Гл. V, 30. [Из общего описания Европы.] После Италии и Кельтики к востоку следуют остальные части Европы, которые река Истр рассекает надвое. Эта река течет с запада на восток в Евксинский Понт, налево оставляя всю Германию…
Гл. I, 8. [При описании Роны Страбон сообщает об очистке ее устья Марием во время войны с кимврами и тевтонами.] [Марий] велел прорыть новый канал; затем, пропустив через канал бльшую часть реки, он передал его массалиотам в награду за доблесть, проявленную ими в войне с амбронами и товгенами36; от этого дара массалиоты сильно разбогатели, взимая пошлину с судов…
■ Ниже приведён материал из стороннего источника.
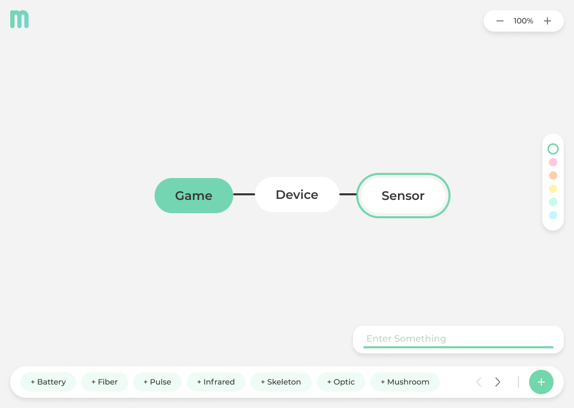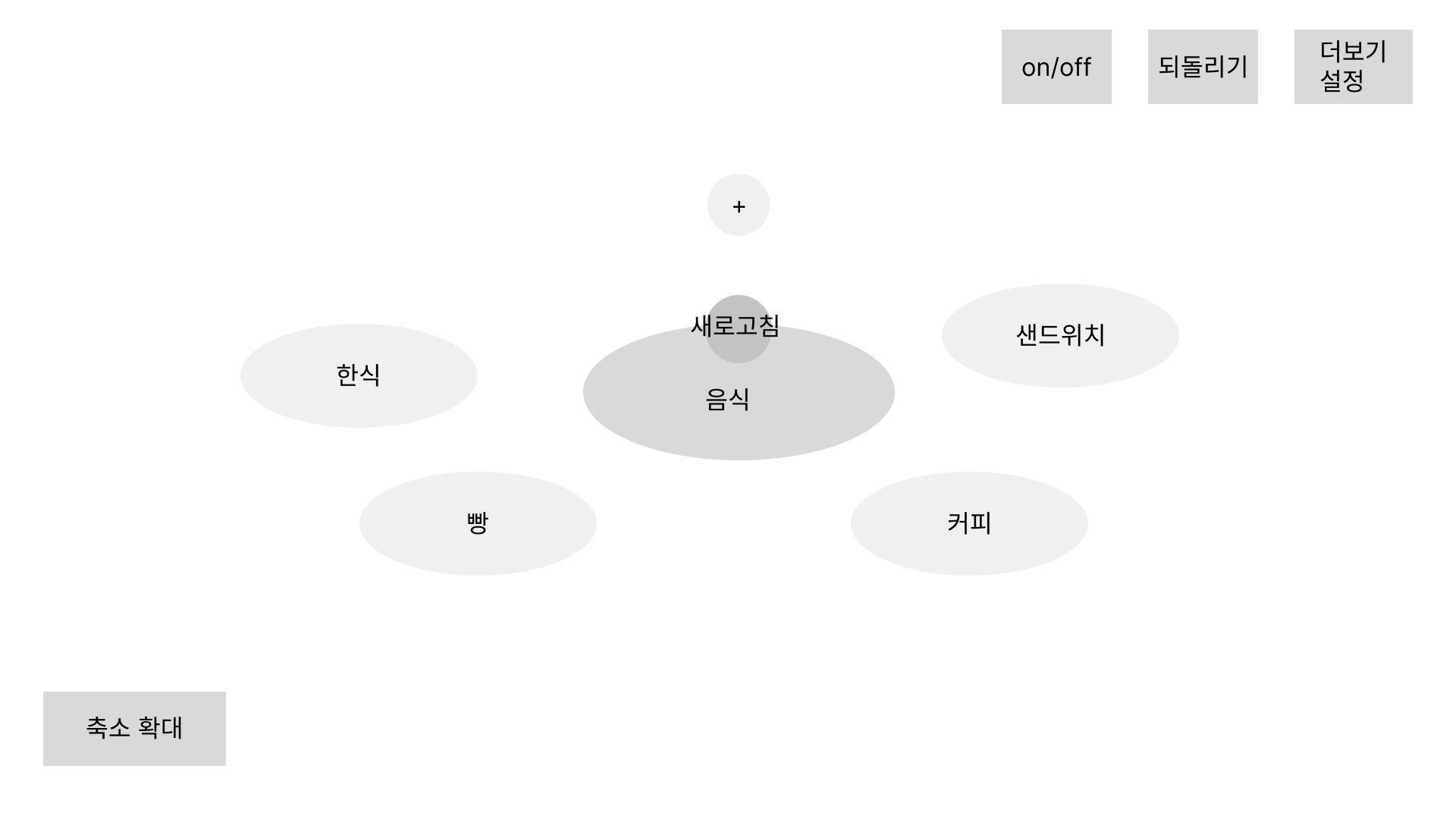 식사 후, PM인 정환이와 와이어프레임 구성하며 어떤 식으로 마인드맵을 이어나가면 좋을지 논의했다. 초기에는 단어 주위에 추천 단어가 뜨는 방식을 생각했지만, 추천 단어가 많아지거나 주변에 추가한 단어가 많아질 경우 직관적으로 보여주기 어려울 것 같아 하단에 추천 단어를 리스트를 보여주는 방식으로 변경했다.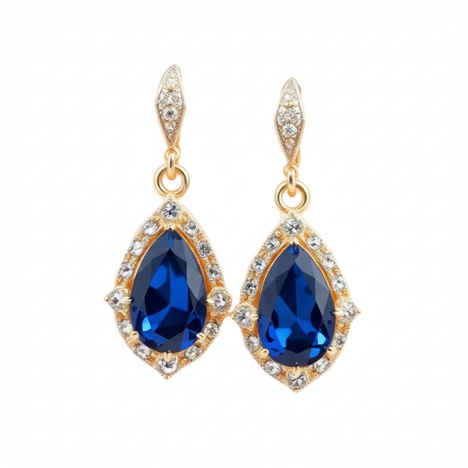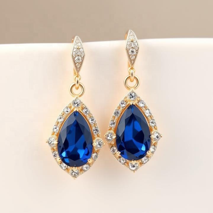 ต่างหูแบบห้อยประดับอัญมณีสีฟ้าทำมือสไตล์วินเทจหรูหราสำหรับผู้หญิงเครื่องประดับแฟชั่น
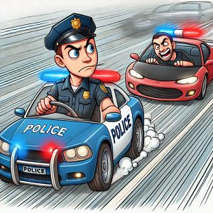 A police officer attempts to stop a car for speeding and the guy gradually increases his speed until he’s topping 100 mph. The man eventually realizes he…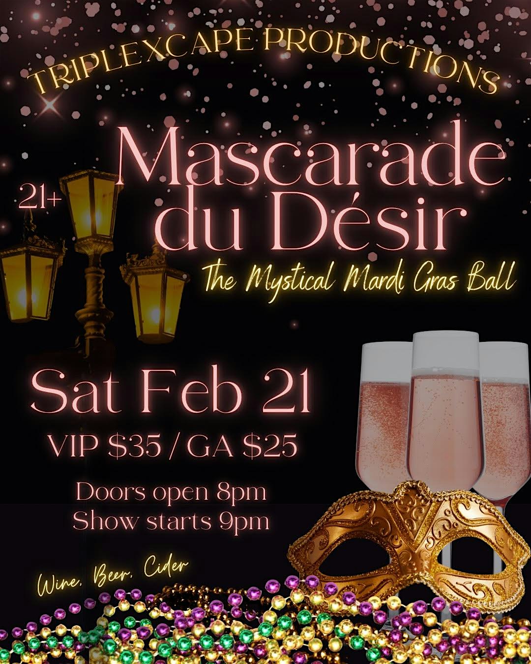 by admin13Feb XXXCAPE PRESENTS… Masquerade du Désir at Xcape Dance Academy – Eugene, OR XXXCAPE PRESENTS… Masquerade du Désir at Xcape Dance Academy – Eugene, OR 6 6 people viewed this event. The Mystical Mardi Gras Ball Tickets-RSVP Link Date And Time Sunday, February 22nd, 2026 05:00 AM (PST) Venue Xcape Dance Academy Location 1416 West 7th Avenue, Eugene, OR 97402 Event Types OtherPerforming & Visual Arts Event Category EugeneOregon Share With Friends Facebook Twitter Linkedin Xing Pinterest Share This Post:
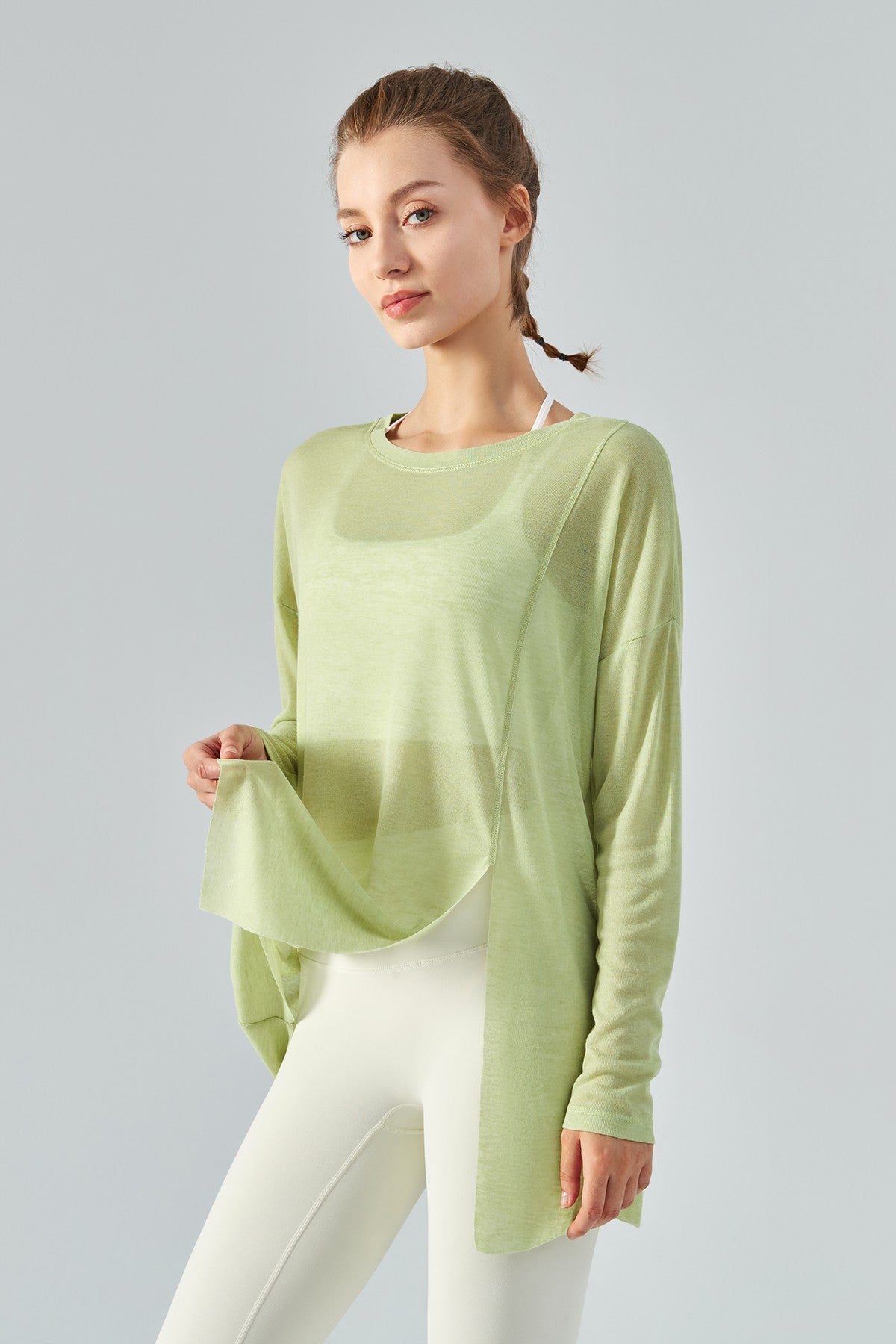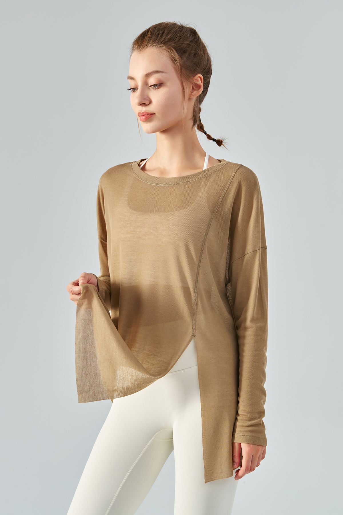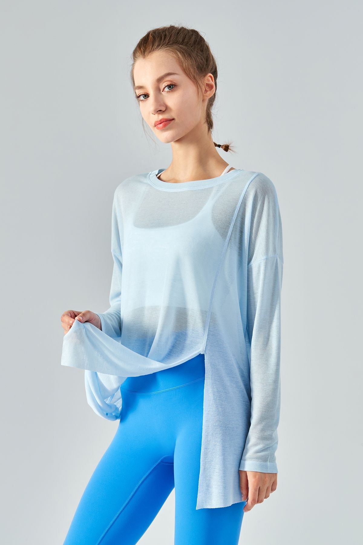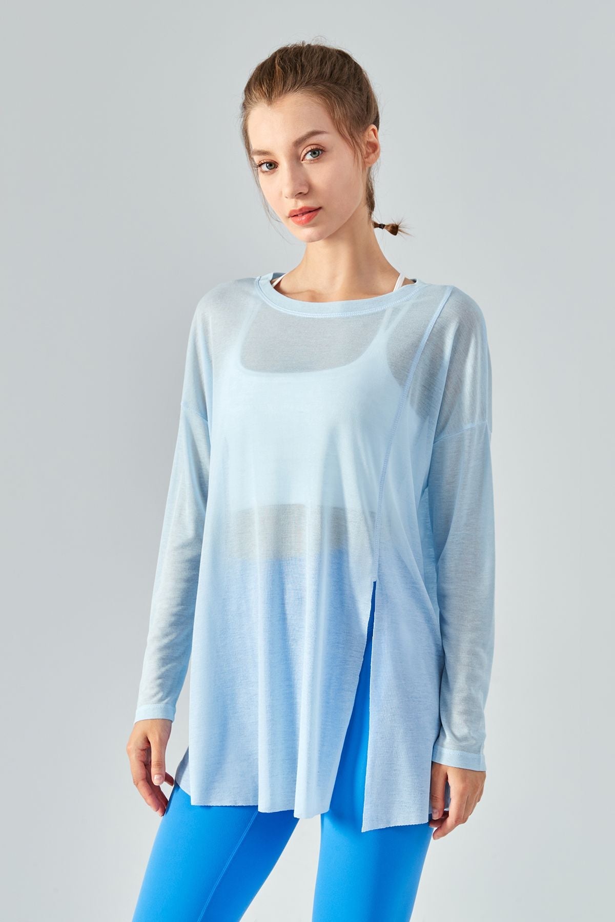 Featuring a sheer mesh fabric with a long sleeve and asymmetrical hem design, style this with strappy sports bra and workout leggings to complete the look.

Гл. III, 3. [В конце этой главы, сравнив Рейн и Сену, Страбон говорит о расположении по отношению кэтим рекам Британии и затем сообщает о гельветах.] Говорят также, что гельветы, хотя и богатые золотом, тем не менее обратились к разбою, увидев богатство кимвров.
[Сообщается о разгроме гельветов Цезарем.] Цезарь дал возможность спастись остальным [гельветам] (около 8000), чтобы не оставлять в добычу их соседям германцам безлюдную страну.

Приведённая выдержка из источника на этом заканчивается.